Exercise - Would you write out the listing verbatim and skip every picture in it?

Given data -

+++++

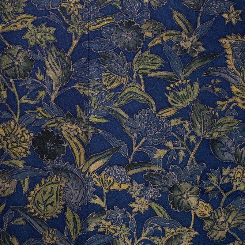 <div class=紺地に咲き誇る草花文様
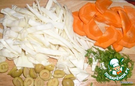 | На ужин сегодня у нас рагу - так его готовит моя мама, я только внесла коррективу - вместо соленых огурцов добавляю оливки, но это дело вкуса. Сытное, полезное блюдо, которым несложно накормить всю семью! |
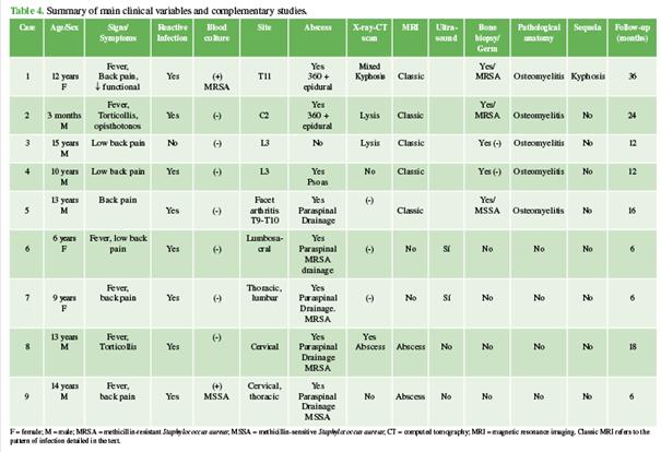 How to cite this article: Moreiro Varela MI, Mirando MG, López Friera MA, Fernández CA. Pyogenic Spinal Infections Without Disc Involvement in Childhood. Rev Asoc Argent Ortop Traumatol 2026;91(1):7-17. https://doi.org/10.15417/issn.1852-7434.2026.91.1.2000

+++++

Problem solution -
 <div class=紺地に咲き誇る草花文様
 | На ужин сегодня у нас рагу - так его готовит моя мама, я только внесла коррективу - вместо соленых огурцов добавляю оливки, но это дело вкуса. Сытное, полезное блюдо, которым несложно накормить всю семью! |
 How to cite this article: Moreiro Varela MI, Mirando MG, López Friera MA, Fernández CA. Pyogenic Spinal Infections Without Disc Involvement in Childhood. Rev Asoc Argent Ortop Traumatol 2026;91(1):7-17. https://doi.org/10.15417/issn.1852-7434.2026.91.1.2000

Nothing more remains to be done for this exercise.